Many years ago, I scratchbuilt a supply vessel direct from a general arrangement plan, scale 1:100 but it was never completed. I now have to time to make all the small bits and bobs of deck fittings and finish it off. I always check out Shipbuilder Bob's models and sigh with envy. An idea I have is to have the model in a case and have it lit as if it is at sea at night, nav lights and deck floodlights. However, I don't know if bulbs are available small enough to let me do that. 
It has been suggested I look on model railway sites, but I have no idea what would be the appropriate scale for what I need.
I know some of you are really experienced at modelling, better than I'll ever be, and I wondered if anyone could point me in the right direction, please? Have any of you done what I propose? Are miniature working nav lights available? I've done some Googling, but I am struggling.
Thanks for any help and advice.


----------



## Michael Taylor (Aug 31, 2008)

Try Micro Mark at www.micromark.com I have been very happy with the few things I have puchased from them. Perhaps shd have said it is here in the States


----------



## tugboat (Nov 23, 2006)

Thank you, Michael, I'll check them out.


----------



## tugboat (Nov 23, 2006)

Grain of rice bulbs look too big for my scale, plus the wiring would make the mast tubes too big.

I've suddenly thought about fibre optics and I'm wondering if anyone has experience of using them in model applications?


----------



## rknibbs (Mar 11, 2006)

Try led's they come in a wide variety of sizes, colours, various voltages and various effects flashing, changing colour, can dim .......... and there are various fact sheets on the web explaining how to use them.


----------



## jerome morris (May 27, 2008)

Cornwall model boats may be a good bet for what you'd like to do.
https://www.cornwallmodelboats.co.uk/


----------



## tugboat (Nov 23, 2006)

Thanks.

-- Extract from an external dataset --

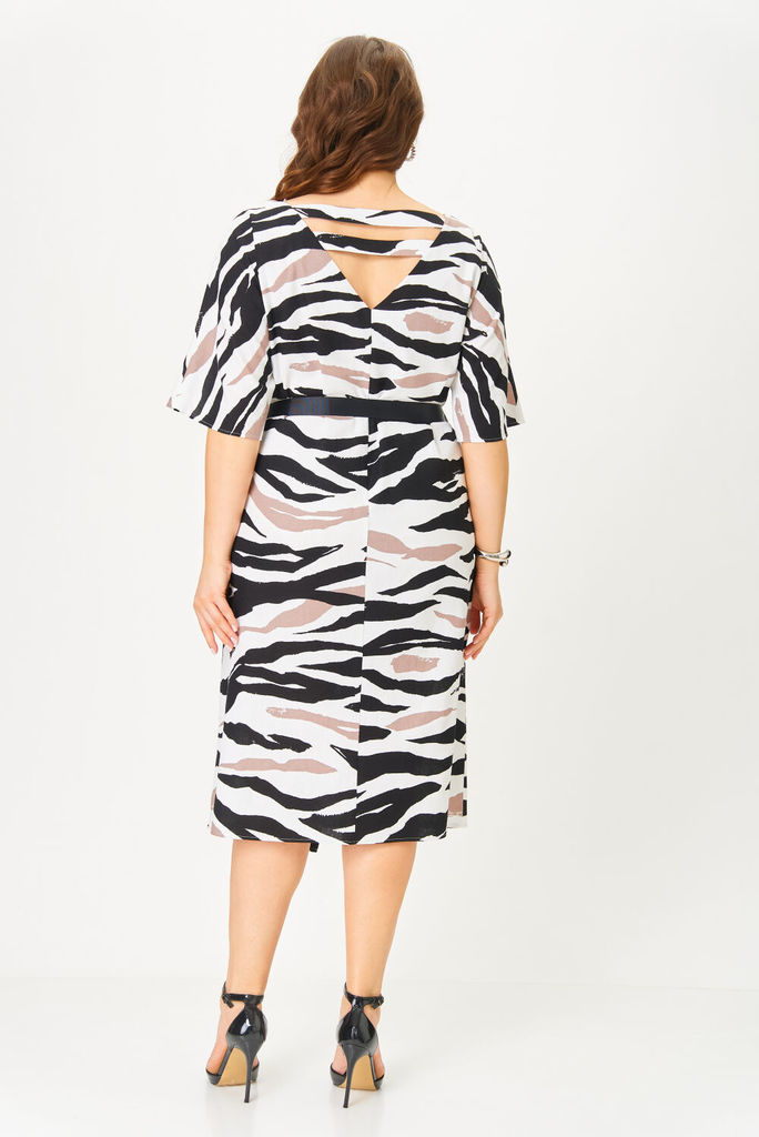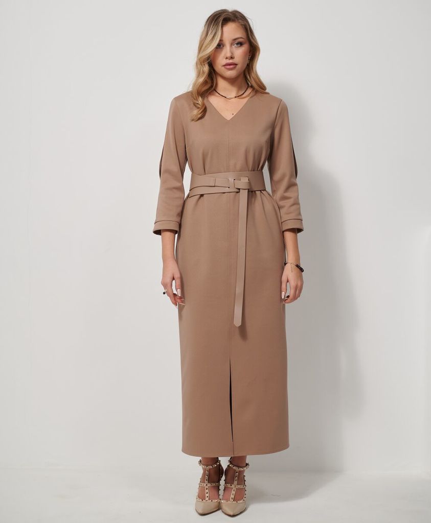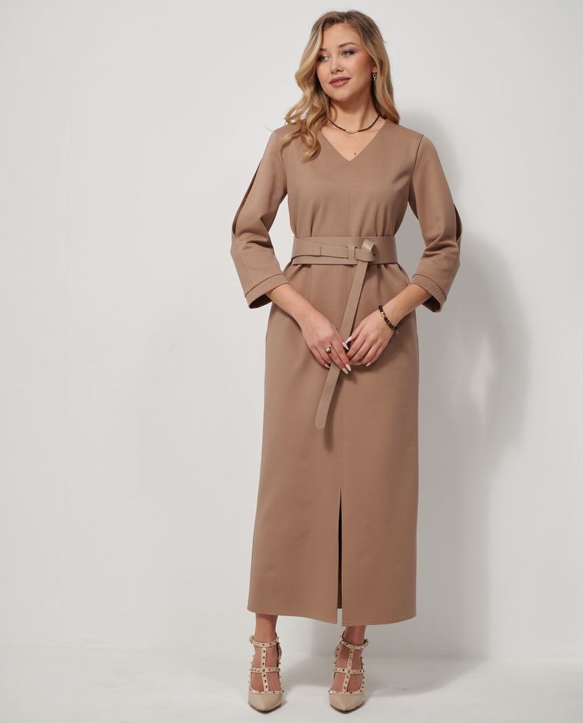 Состав: Вискоза-68%; ПЭ-28%; Спандекс-4%; Платье прямого силуэта из мягкого трикотажного полотна в рубчик. Горловина V- образная, по спинке для удобства вставлена потайная молния. Полочка со средним ш... Показать описание вом в котором по низу обработан разрез. Рукав втачной длинной 7/8 по центру рукава разрез длинной до локтя, по низу притачная манжета. Платье дополнено съемным поясом Наименование измерений Размеры (см) Допустимые(см) отклонения +/- 44 46 48 50 52 54 Обхват груди 88 92 96 100 104 108 Обхват бедер 96 100 104 108 112 116 Рост 170 170 170 170 170 170 +/- 1см. Длина спинки 128 128 128 128 128 128 +/- 1см. Ширина спинки 36 36 36 40 40 40 +/- 1см. Ширина изделия на уровне глубины проймы 94 98 102 106 110 114 +/- 1см. Ширина изделия на уровне линии бедра 100 104 108 112 116 120 +/- 1см. Ширина изделия по линии талии 74 76 82 86 90 94 +/- 1см. Ширина изделия в низу 104 108 112 116 120 124 +/- 1см Длина рукава 47 47 47 47 47 47 +/- 1см. Ширина рукава в веху 35 37 39 42 44 46 +/- 1см. Ширина рукава в низу 22 22 22 25 25 25 +/- 1см.

Their nav lights are all too big, unfortunately. That seems to be the norm. I think I will have to go fibre optics. I'm told I should construct a box with a light source, and run all the fibres from that, with coloured filters as necessary. I'm researching how to do that. Good news is that tubes for masts will still be in scale.
Thanks for replies so far. If anyone has a contribution about using fibre optics, that would be great.


----------